September 11, 2020 Blog, History, Technology, Texas, Vision and Style Comments (0) 725

For the last five years, the Conservation Society had advocated for the preservation of the Crockett and Woolworth Buildings and their re-use as the new Alamo museum. Without every saying so, the Alamo has favored a new building, partly because they want to reveal where part of the western wall was, which I discussed at length last month here. I ended that blog noting that the Woolworth Building was to be a museum of airplanes a little over 20 years ago.

And why not?

The San Antonio Museum of Art, the Briscoe and almost every other museum in San Antonio is in a historic building. Some, like the McNay and the Witte, have new additions, which is what we proposed for the Woolworth and Crockett.

How are world class museums made? Perhaps you recognize some of these.

The Louvre
The Uffizzi, Florence. The name literally describes what the building used to be.
Another world class museum in Paris. In a former train station.

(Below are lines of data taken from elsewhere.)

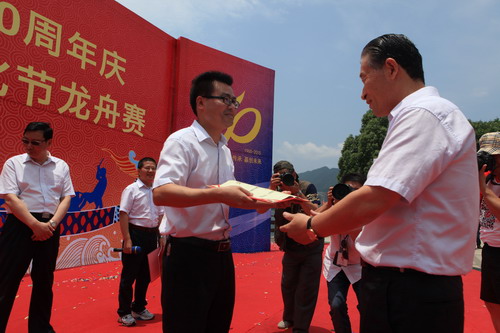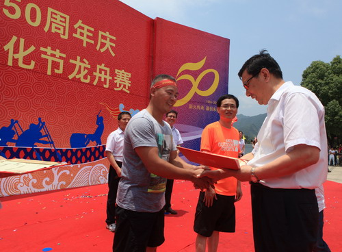 瀏覽量:3421 6月20日,新安集團創建50周年慶暨第四屆新安文化節龍舟賽在新安江上舉行,共有16支代表隊參加本次競賽。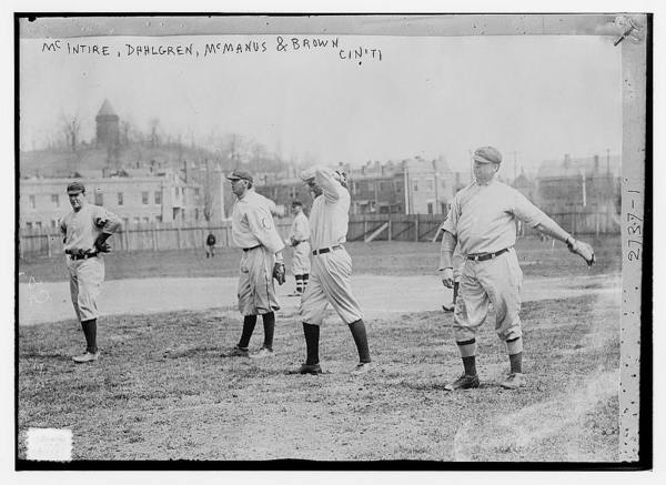 Pitchers Harry McIntire, Cyrus "Cy" Dahlgren, Joe McManus, Mordecai "3-Finger" Brown, Cincinnati NL (baseball)
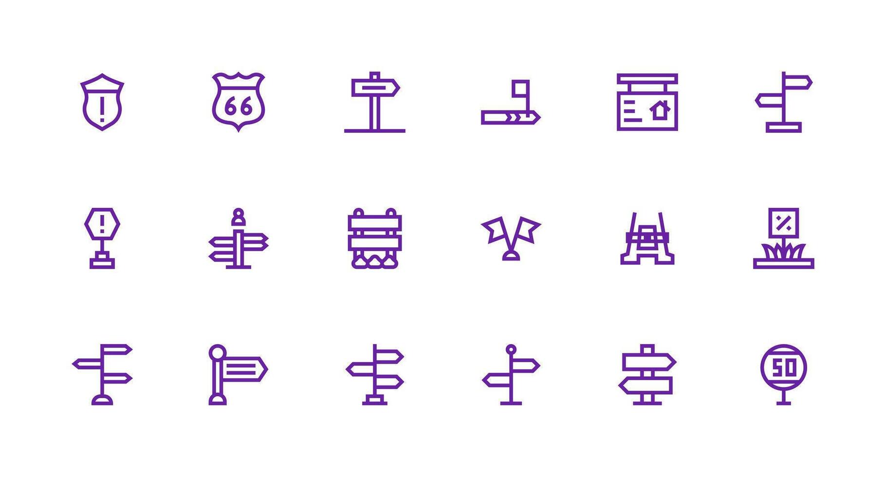 Strong Stroke Line Style Signpost Icons with 18 Vectors Functional Icon Series

You can throw in the Prado, the Alhambra and the Hermitage as well. Locally, we have….

San Antonio Museum of Art
McNay Museum

The Alamo museum intends to focus its interpretation on the famed 1836 battle. So, their illustrations have lots of cannons, which, while smaller than airplanes, do need a little space.

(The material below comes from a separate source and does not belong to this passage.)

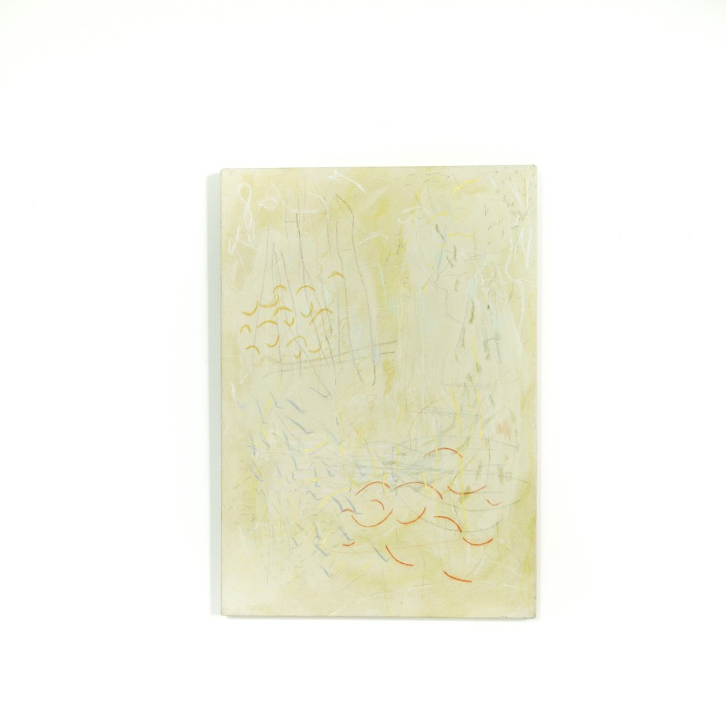 Lyre, 2023. Acrylic, oil, chalk, pastel, and pencil on canvas, 22.8×30.4cm

Like this one they added last year. The carriage color was meant to show the patina after being out in the sun for a couple years. They then displayed it out in the sun.

Some of the unpublished museum images show the cannons safely indoors and many of the outdoors one will be replicas. In the absence of imagery, perhaps the museum will look like this?

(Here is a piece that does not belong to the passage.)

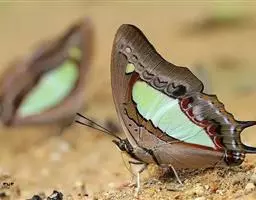 展翅宽45--90mm,平均在65--75mm.翅浓紫褐色,外缘有灰黄色宽边,内侧有7--8个蓝紫色的椭圆形纹排列成横列,前翅顶角附近有2个白色斜斑。翅反面黑褐色,有极密的黑色波状细纹,外缘黄白色。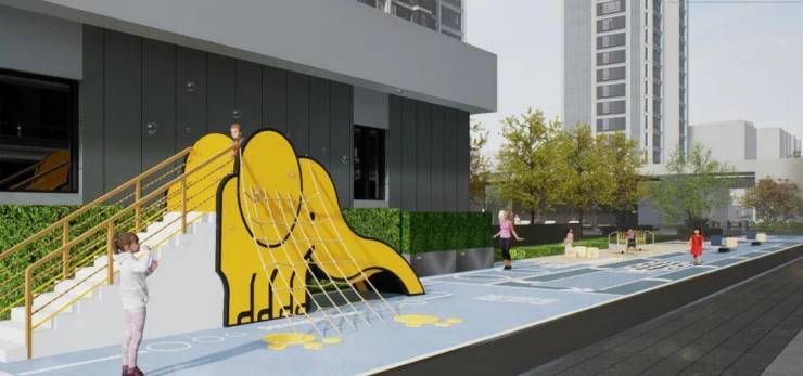 通过大草坪、水景雕塑结合休闲廊架,打造度假感室外会客厅。充分利用消防登高面,通过移动树池、户外家具等,结合铺装,打造邻里会客厅。

Hmm. What does the outside of this museum look like?

Oh! It’s a historic building! How about this display replete with conquistador astride a horse:

What does this museum look like on the outside?

Kinda looks a lot like the Woolworth Building. Except in both of these cases the column spacing is not as flexible as the Woolworth Building.

Don’t get me started on the City Museum in St. Louis, proof you can do absolutely anything with an historic commercial loft building. It has airplanes and multistory chutes and ladders.

The Alamo is warning that it is do or die time for the Alamo Reimagined Plan. The next hurdle? Texas Historical Commission will decide whether the 1940 Cenotaph can be moved a few hundred feet to the south.